ME!! Twice to Senator Taylor so far, gotta get going on the Reps. 

[email protected]

[email protected]

[email protected]


----------



## KEN W (Feb 22, 2002)

Me also... Dist. 6 Rep Hunskor and Rep Froseth...Senator O'Connel

They all know me by first name by now.


----------



## njsimonson (Sep 24, 2002)

District 24 - all you Barnes County Folks...

Senator Larry Robinson -- [email protected] 
Representative Phil Mueller -- [email protected]
Representative Ralph Metcalf -- [email protected]

Get the fishguts off your hands and get typing! In my communications with these guys they have always been more than excited to see people taking action, regardless of the bill...HELP THEM DO THEIR JOBS!


----------



## Boy (Jan 24, 2005)

KKK---Keiser, Klemin, and Kilzer are my District 47 Legislators. I had Keiser for an instructor in an Elementary Statistics class once. Due to his attitude in that class, I very seriously doubt he wants to hear my opinions. For that reason, I have not taken the time to educate him as to my thoughts on outdoor issues. Plus, I hold a different party affiliation than he does, so that is one more reason for him to not listen to my point of view.


----------



## gandergrinder (Mar 10, 2002)

I keep sending them emails. They are going to know me by first name by the end of this session.


----------



## djleye (Nov 14, 2002)

ME!!!! Reps Koppleman and Wieland and Senator Lee from District 13!!!! They know me well already!!!


----------



## Remmi_&amp;_I (Dec 2, 2003)

District 32 Here:

Senator Dick Dever (R) - [email protected]
Representative Mark A. Dosch (R) - [email protected]
Representative Lisa Meier (R) - [email protected]

Emails sent to each on a couple of topics near to me.....not only hunting/fishing!


----------



## Maverick (Mar 4, 2002)

I have been sending them to my old Reps. I am not sure where I really fit into it though. My last permanent address in ND is not anymore. As a full time student of MN and A Res. of ND, but living in MN would I have to email my parents (new permanent res.) or should I be sending them to different people. If so does anyone know who to email for the Gackle area?

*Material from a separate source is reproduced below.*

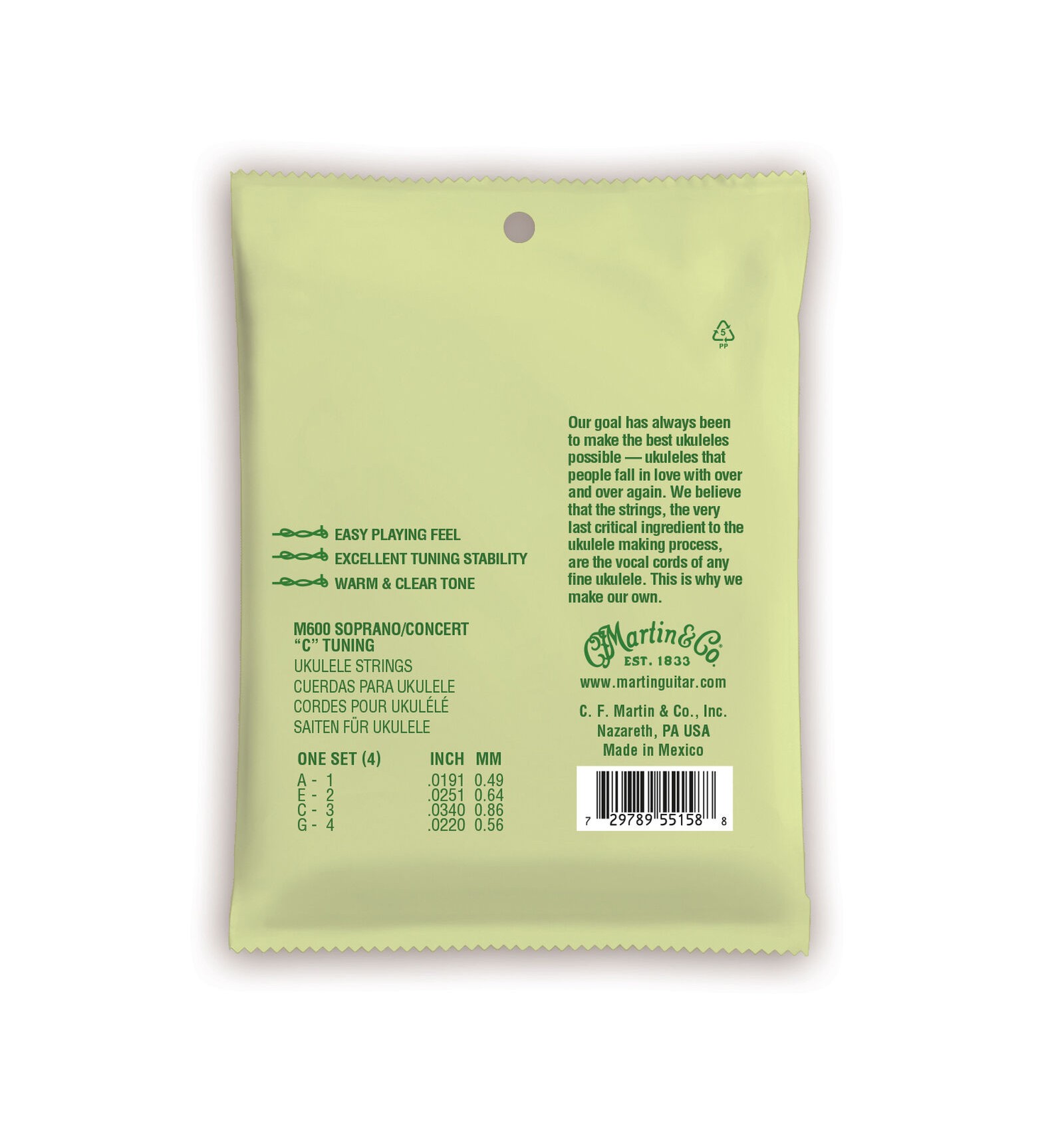 Hören Sie wie gut Ihre Ukulele klingen kann mit neuen Martin Saiten. Hergestellt aus klarem Fluorocarbon für verbesserte harmonische Intonation. Diese Saiten bieten eine angenehme, warme Klangfarbe und gewährleisten eine hohe Stimmstabilität.

I have put off 3 e-mails though, all of which went to Iverson Boehning and Brown.


----------



## njsimonson (Sep 24, 2002)

Mav if you are a student in MN, but still come home to mom and dad's place and still get your mail there, and haven't picked up an MN drivers license, and don't plan on living in MN aside from attending school, you are still most likely a resident here in ND.

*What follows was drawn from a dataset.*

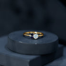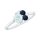 Celebrate a love that is as unique as you are with this Ethiopian Opal Promise Ring, where vibrant color meets timeless elegance. At its center sits a captivating 5 mm Round Shape Ethiopian Opal set in Prong Setting, glowing with an enchanting play of colors. Framing the opal are two stunning Round Shape Blue Sapphire gemstones, adding a pop of rich, royal blue that contrasts beautifully with the iridescent hues of opal. Delicate Moissanite stones add a touch of sparkle, enhancing the brilliance of the cluster and creating a mesmerizing look. This Opal and Sapphire Ring is a perfect balance of bold color and refined glamour, symbolizing a love that is both passionate and enduring. Whether you are marking a commitment, an engagement or a special milestone, this Opal Cluster Ring is sure to make a lasting impression. Presented in a signature jewelry box, this Real Opal Ring is ready to gift and to cherish forever. Available in various sizes for a perfect fit, this Rainbow Opal Ring is a dazzling promise of your eternal love and devotion.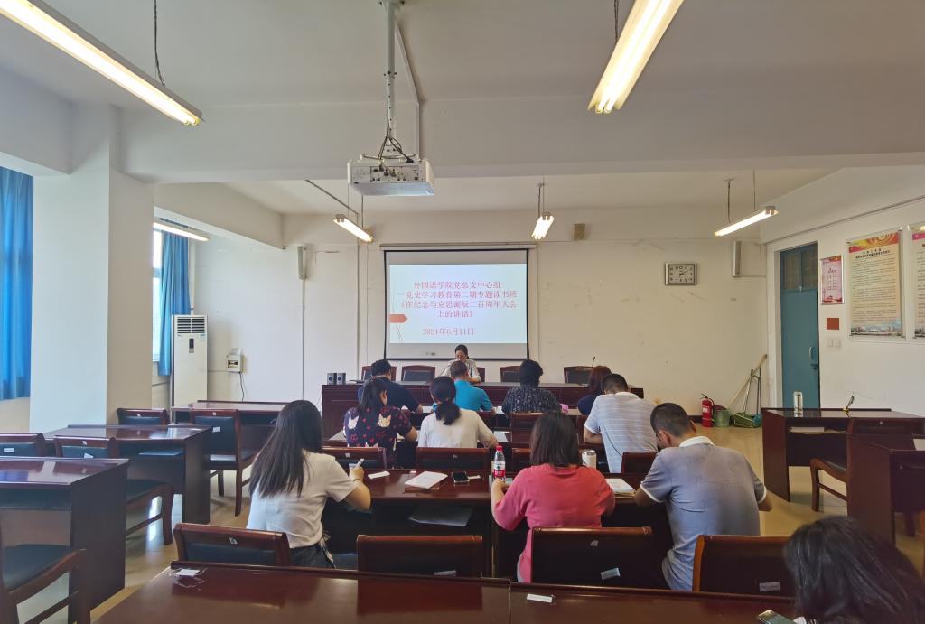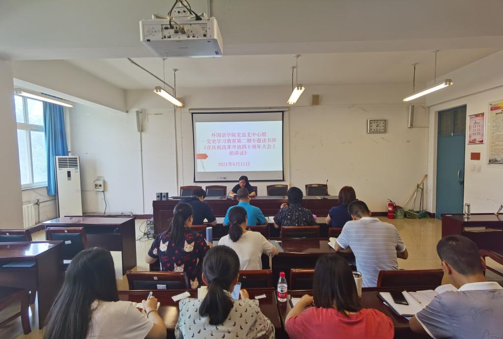 读书班上,太阳成集团tyc234cc主页大学英语第一教研室党支部书记李双娟领学了《论中国共产党历史》一书中《在庆祝改革开放四十周年大会上的讲话》等内容,太阳成集团tyc234cc主页大学英语第二教研室党支部书记许珂领学了《论中国共产党历史》一书中《在纪念马克思诞辰二百周年大会上的讲话》等内容。通过领学,大家对“改革开放”“马克思理论”等党史知识有了更深入的了解。

Regardless of what these people think of you personally, or what you think of them or their party, or their clothes, or their accent or whatever...DON'T MAKE EXCUSES...get in touch with them.


----------



## Maverick (Mar 4, 2002)

I know I am still a Res. of ND I am just wondering if I am emailing the right people. Their house in fargo was sold as of Nov. Should I be emailing their new Reps then?

I should be emailing them, I guess, can anyone tell me who they are?


----------



## njsimonson (Sep 24, 2002)

For Mav, et al...

Here is a map that breaks down the state by district...use it to find your legislators and contact them!!!

http://web.apps.state.nd.us/hubexplorer ... iewer.html


----------



## rap (Mar 26, 2002)

me.


----------



## 4CurlRedleg (Aug 31, 2003)

Done deal-District 47. Two c's and an f, not acceptable!! These three are on notice and they know it, 3 bills that hit the floor all passed or did not pass as the e-tree recommended!!! :beer: :beer:


----------



## Aythya (Oct 23, 2004)

Me.

But I would like to make a suggestion based on my experiences with legislators both state and federal.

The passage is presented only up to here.